I could have left off the process name, but it helped me decide which ports were important to include in the new firewall rules. Honestly, the output above was good enough for me to quickly throw together some workable IP Tables rules. I simply saved the output to a text file and hacked things together with a text editor.

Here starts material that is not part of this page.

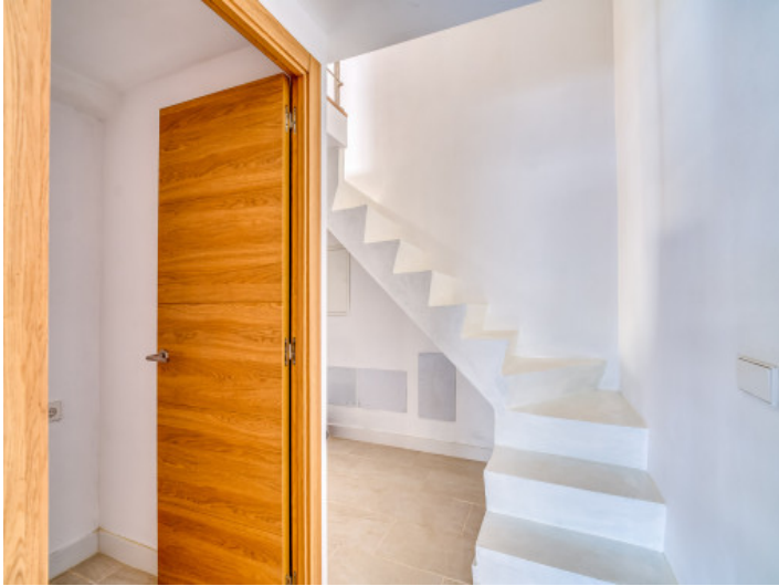
Treppe führt in die obere Etage

But maybe you only care about the port information:

# lsof -i -nlP | awk '{print $9, $8, $1}' | sed 's/.*://' | sort -u
123 UDP ntpd
1526 TCP sendmail
22 TCP sshd
25 TCP sendmail
39054 TCP sshd
53 TCP named
53 UDP named
587 TCP sendmail
783 UDP portreser
80 TCP httpd
953 TCP named
NAME NODE COMMAND

Note that I inverted the field output order, just to make my sed a little easier to write

If you wanted to go really crazy, you could even create and load the actual rules on the fly. I don't recommend this at all, but it will make Tim's life harder in the next section, so here goes:

lsof -i -nlP | tail -n +2 | awk '{print $9, $8}' | 
sed 's/.*://' | sort -u | tr A-Z a-z |
while read port proto; do ufw allow $port/$proto; done

I added a "tail -n +2" to get rid of the header line. I also dropped the command name from my awk output. There's a new "tr A-Z a-z" in there to lower-case the protocol name. Finally we end with a loop that takes the port and protocol and uses the ufw command line interface to add the rules. You could do the same with the iptables command and its nasty syntax, but if you're on a Linux distro with UFW, I strongly urge you to use it!

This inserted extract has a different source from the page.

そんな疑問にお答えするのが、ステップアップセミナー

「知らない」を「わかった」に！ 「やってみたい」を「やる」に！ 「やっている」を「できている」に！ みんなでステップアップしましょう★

So, Tim, I figure you can parse netstat output pretty easily. How about the command-line interface to the Windows firewall? Remember, adversity builds character...

Tim builds character

When I first saw this I thought, "Man, this is going to be easy with the new cmdlets in PowerShell v4!" There are a lot of new cmdlets available in PowerShell version 4, and both Windows 8.1 and Server 2012R2 ship with PowerShell version 4. In addition, PowerShell version 4 is available for Windows 7 SP1 (and later) and Windows Server 2008 R2 SP1 (and later).

The first cmdlet that will help us out here is Get-NetTCPConnection. According to the help page this cmdlet "gets current TCP connections. Use this cmdlet to view TCP connection properties such as local or remote IP address, local or remote port, and connection state." This is going to be great! But...

It doesn't mention the process ID or process name. Nooooo! This can't be. Let's look at all the properties of the output objects.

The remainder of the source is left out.